Colmar blew us away.
Its old center is chockfull of darling half-timbered, dangerously
leaning, variously painted little buildings.
I’m having trouble choosing just a few of our photos. We both had cameras and we could hardly stop
shooting. It wasn't an especially pretty day and began drizzling after a while. In the sunshine, it must be dazzling.
Alsace was at points in its past more German than French,
and its cuisine makes this clear. It’s a
wine region, yes, but Rieslings rather than Burgundies. Beer is enjoyed in glasses and recipes. Choucroute Garni is perhaps the most famous
of the regional recipes; sauerkraut “garnished” with smoked pork, ham and
sausages.

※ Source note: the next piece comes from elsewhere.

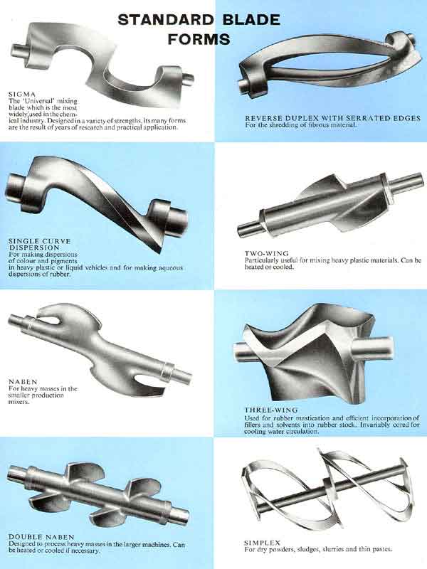 Many hundreds of Baker Perkins machines were in service in leading chemical, aerospace and research facilities all over the world. Laboratory mixers allowed customers to evaluate processes and products in the customer test and demonstration facilities at Saginaw and Stoke. The range of available equipment included:

Flammkuchen is the German name
for the local thin crusted pizza-like appetizers topped with bacon, cream and
onions. All the bakeries we saw featured
Brezeln as though they weren’t equally beloved in Germany! You’ll understand that we found a lot to love
in Alsace.
Not that we could eat all that stuff during our brief visit! We'd arrived rather late for lunch and in this part of France, regular restaurants close their kitchens between about 2 pm and 5:40 or 6. As a result, we had to eat in the sort of establishment designed for foreigners who don't understand the need for this type of regulation! Chefs have to rest, you know. They can't just keep cooking all day. Creativity must be restored.

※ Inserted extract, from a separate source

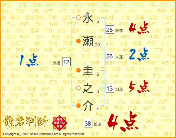 永(5画)瀬(20画) 圭(6画)之(3画)介(4画)

Colmar was still decorated for Easter, which had taken place two weeks before our visit. We particularly liked these Easter decorations.
Culinarily, and architecturally, I have come to feel that
Alsace, Baden-Wurttemburg and northern Switzerland belong to one another almost
more than they belong to their own nations.
Alsace speaks French (although I had a hard time understanding them) and
Basel speaks German (its very own dialect which apparently few Germans can
comprehend), and the Schwabisch dialect of Baden-Wurttemburg is unintelligible
to many northern Germans. The Rhine
provides an easy means of commerce among these three areas which has been
available since the most primitive times,
promoting strong cultural links amongst whichever tribes dominated each
locale. Of course, I never thought that
crossing a man-made border would reveal a completely unrelated way of life, but
the cultural integrity of this tri-nation region is particularly striking. And perhaps that's one reason why we have enjoyed our visits here so much.